Türkiye Gençlik Korosu, Türkiye’nin dört bir yanından en yetenekli genç şarkıcıları buluşturmak amacıyla kuruldu. Felsefemiz, gençlerin seslerini yalnızca bir müzik aracı olarak değil, aynı zamanda kültürel temsil ve birliktelik aracı olarak da kullanabilmelerini sağlamak. Bu sezon Antalya İl Kültür Müdürlüğü’nün desteğiyle kamplarımızı Alanya’da gerçekleştirdik ve bu sayede sezona çok yüksek bir moralle başladık.
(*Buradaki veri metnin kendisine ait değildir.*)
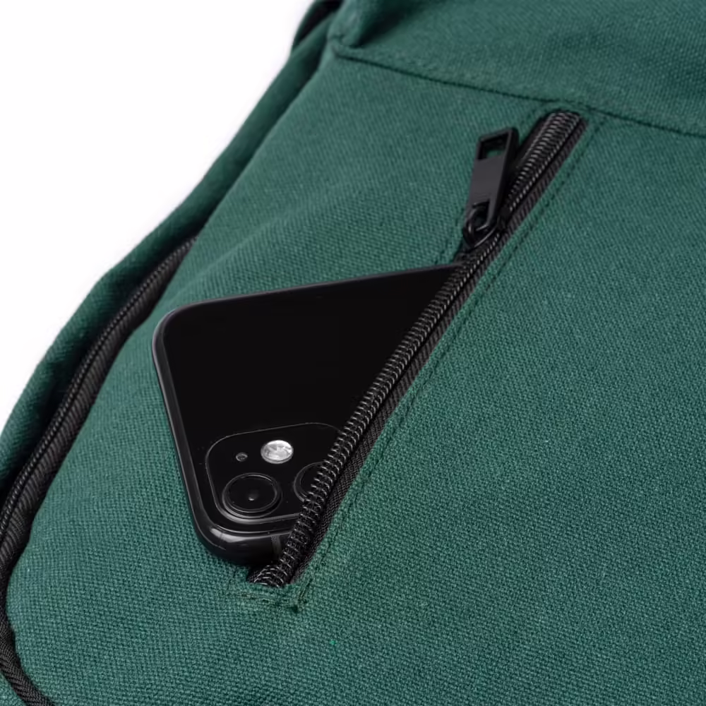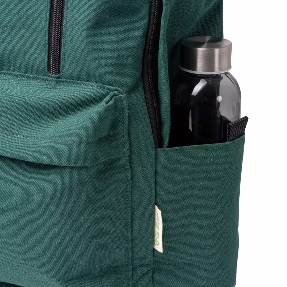 Mochila de algodón reciclado 330 g/m². Cuenta con un gran compartimento principal y con bolsillo interior para el transporte de ordenador portátil o dispositivos de 15″. 2 Bolsillos exteriores con cierre de cremallera y 2 bolsillos laterales. Con asas y espalda acolchadas para mayor confort.

Türkiye’nin yedi bölgesinden 90 koristi bulunan koromuz ilk performansını ise CSO Ada Ankara’da Mart 2024’e gerçekleştirdi. Bu kadar yeni bir koro olarak İtalyan Ulusal Gençlik Korosu gibi, 2003’te kurulan ve 150’den fazla uluslararası konser deneyimine sahip olan böyle bir koro ile sahne paylaşmak bizim için heyecan verici. Ulusal düzeyde konser projelerimiz var. Öncelikle Türkiye’de kendimiz tanıtıp, sonrasında ise uluslararası konserlere ağırlık vereceğiz. Ancak bugün sahne aldığımız konserle İtalyan Ulusal Gençlik Korosu ile uluslararası ilk çalışmamızı da yapmanın gururunu yaşıyoruz. Önümüzdeki sezonlarda Türkiye’nin farklı şehirlerinde konserler vermeyi ve EUROPA CANTAT 2027 gibi uluslararası festivallerde yer almayı hedefliyoruz.
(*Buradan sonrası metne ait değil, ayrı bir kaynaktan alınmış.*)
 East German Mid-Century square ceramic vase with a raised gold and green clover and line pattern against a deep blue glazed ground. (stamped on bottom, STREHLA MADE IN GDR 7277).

Türk Gençlik Korosu misyonu olan bir koro diyebilir miyiz? En büyük misyonunuz nedir sizce?

aytepe-jpeg.jpg

Elbette misyonumuz, müziğimizi yansıtmak ve tanıtmak. Türkiye’nin genç ve dinamik müzisyenlerini bir araya getirerek hem ülke içinde hem de uluslararası alanda güçlü bir ses oluşturmayı amaçlıyoruz. Yanı sıra bu koroyu duyan gençlere, kendi bölgelerindeki korolara girmeleri ve kendilerini geliştirip daha ileri gitmeleri için yol gösterici, ilham verici olacağımıza inanıyorum..”

Dünyada ulusal gençlik koroları yaygın mı? Türkiye bu konuda biraz geride mi kaldı sizce?
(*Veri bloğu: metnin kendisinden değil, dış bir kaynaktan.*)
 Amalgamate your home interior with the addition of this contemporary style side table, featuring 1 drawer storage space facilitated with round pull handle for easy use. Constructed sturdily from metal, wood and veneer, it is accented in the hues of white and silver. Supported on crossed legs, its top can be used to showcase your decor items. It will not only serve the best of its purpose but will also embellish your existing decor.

Dünyada bir çok medeni ülkede ulusal gençlik koroloları var. Bizde 2023’te bu yola başladık. Geç görmemek lazım aslında çünkü Avrupa’da hala pek çok ülkede ulusal gençlik koroları yok.. O yüzden geç kaldık demeyelim.

Prova ve konserinizi izledik. Türk Gençlik Korosunun konseri İtalyan koro ile kıyaslayınca biraz daha teatraldi biraz daha etnik unsurlar Anadolu izleri vardı..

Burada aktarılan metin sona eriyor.